One of the major challenges with RNA delivery systems is ensuring the release of payloads from endosomes into the cytoplasm before degradation. Inspired by chloroquine’s endosomolytic property, we hypothesized that integrating its structural motifs into ionizable lipids could yield a new class of chloroquine-like lipid nanoparticles (LNPs) with enhanced endosomal escape capabilities. Our recently article published in Nature Communications demonstrates the feasibility of this integration strategy without using chloroquine itself. The newly developed mRNA delivery platform, termed endosomolytic chloroquine-like optimized lipid nanoparticles (ecoLNPs), facilitates endosomal escape primarily via the proton sponge effect and saposin B-promoted membrane disruption, ultimately enabling efficient mRNA delivery and genome editing.

Structure-Guided Modular Design of Chloroquine-like Lipids

Since chloroquine itself is not a lipid, the first step was to create a lipid with chloroquine-like properties by incorporating signature structures extracted from chloroquine and ionizable lipids. We deconstructed chloroquine’s chemical structure into three modules and synthesized a combinatorial library of chloroquine-like lipids (Clls) via a triple combination of a quinoline scaffold, an ionizable linker, and a hydrophobic lipid tail. After multiple rounds of iterative screening and optimization using a high-throughput Central Composite Design method, we identified a lead Cll that exhibited up to 18.9-fold higher mRNA delivery efficiency than commercial transfection reagents.

Structure-Activity Relationship Analysis

Structure-activity relationship studies provide insights into designing highly active Clls: (1) Subtle variations in the length of carbon chain influence delivery potency of Clls. (2) Disruption of the quinoline scaffold by losing their signature quinoline rings impair Clls’ activity. (3) A trifluoromethyl substitution at the 7-position of the quinoline ring is highly favorable. (4) The introduction of excess ionizable nitrogen atoms linked with lipid tails may negatively impact delivery. (5) The quinoline scaffold, ionizable linker, and lipid tail of Clls synergistically affect their delivery performance.

Versatile Delivery Performance

On the one hand, ecoLNPs can mediate efficient delivery of plasmid DNA, siRNA, and various mRNAs to diverse cell types, including hard-to-transfect 3D cells. On the other hand, ecoLNPs are suitable for multiple administration routes, including intravenous, subcutaneous, intramuscular, subconjunctival, and subretinal injection, as well as intravesical instillation. Importantly, ecoLNPs not only induce robust mRNA-encoded protein expression at the injection sites following intramuscular injection with potency equivalent to SM-102 LNPs (a delivery carrier used in the Moderna’s COVID-19 vaccine), but also show higher tropism (90.2%) for lymph nodes than SM-102 LNPs (58.1%). Furthermore, ecoLNPs mediate successful genome editing by delivering both Cre mRNA and CRISPR-Cas9 mRNA in transgenic mice.

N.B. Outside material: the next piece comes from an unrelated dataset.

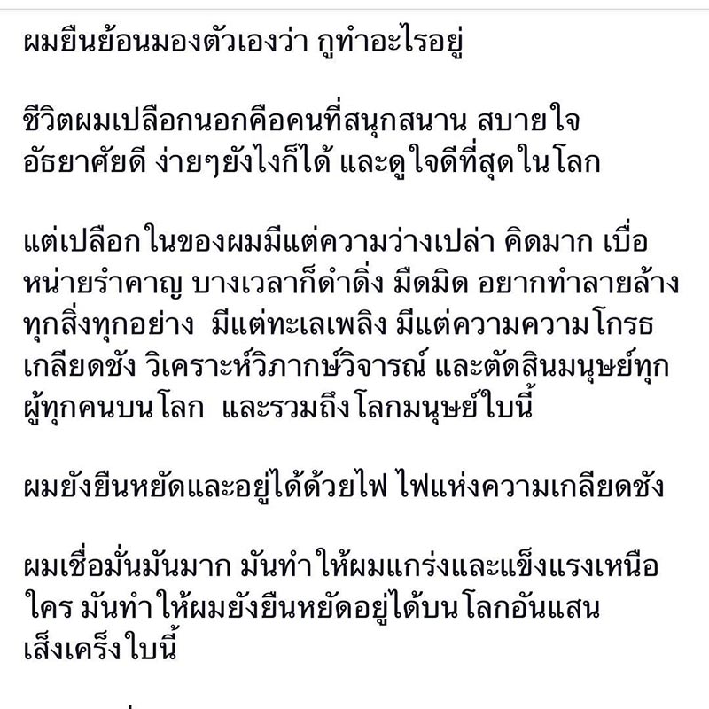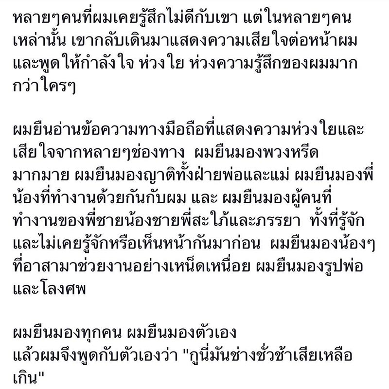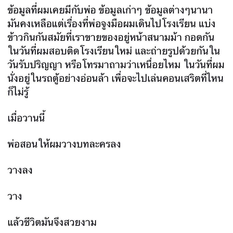 โดยเป็นข้อความที่เจ้าตัวได้เล่าถึงเหตุการณ์ในงานศพของคุณพ่อ ที่เจ้าตัวได้เห็นผู้คนมากมายทั้งคนที่เป็นมิตรและที่เคยมีปัญหากัน แต่ทุกคนก็ตั้งใจมาเคารพของคุณพ่อเป็นครั้งสุดท้าย ซึ่งทำให้เขาได้ย้อนกลับไปมองตัวเองว่าจริง ๆ แล้วเขาคือคนที่มีเปลือกนอกเป็นคนสนุกสนาน แต่ข้างในนั้นกลับเป็นคนที่คิดมาก บางครั้งก็มีมุมมืดมิดที่อยากทำลายล้างทุกสิ่ง มีไฟแห่งความเกลียดชัง

Stability, Mechanism, and Safety

ecoLNPs are capable of maintaining their in vitro and in vivo potency for at least 8 days after storage at 4°C, overcoming challenges related to ultra-cold storage and transportation. mRNA release from endosomes is confirmed by colocalization with endosomes and the calcein leakage assay. The robust endosomal escape and high delivery efficiency of ecoLNPs are attributed to two key mechanisms: the proton sponge effect and saposin B-mediated membrane disruption. Hemolysis assays confirmed their minimal toxicity at physiological pH but strong endosomal membrane disruption at endosomal pH. Safety evaluations in mice revealed no significant adverse effects on liver and kidney function or histopathology.

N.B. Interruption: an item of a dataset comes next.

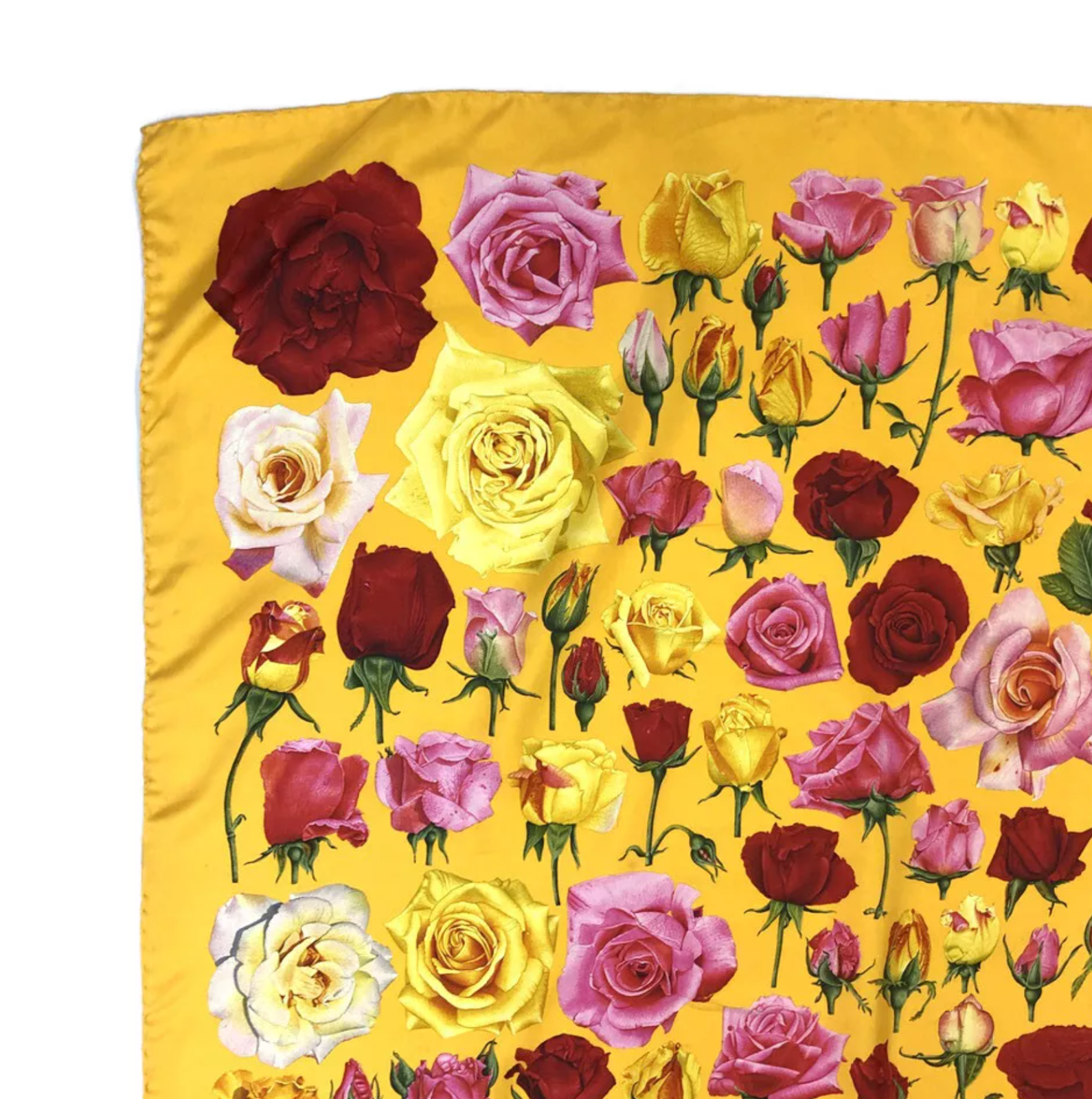 GUCCI model: Rose Motif material: 100% silk color: orange dimensions: 34" x 34" (86cm x 86cm) made in: italy vintage new old stock, gift box included. no signs of use gbstock# 0000086

In summary, we develop chloroquine-like carriers mimicking the endosomolytic effect of chloroquine but without using the compound itself to achieve efficient mRNA delivery and genome editing. We will continue to focus on further iterations of this platform and explore their potential applications in mRNA vaccines, protein replacement therapies, cancer immunotherapy, and genome editing.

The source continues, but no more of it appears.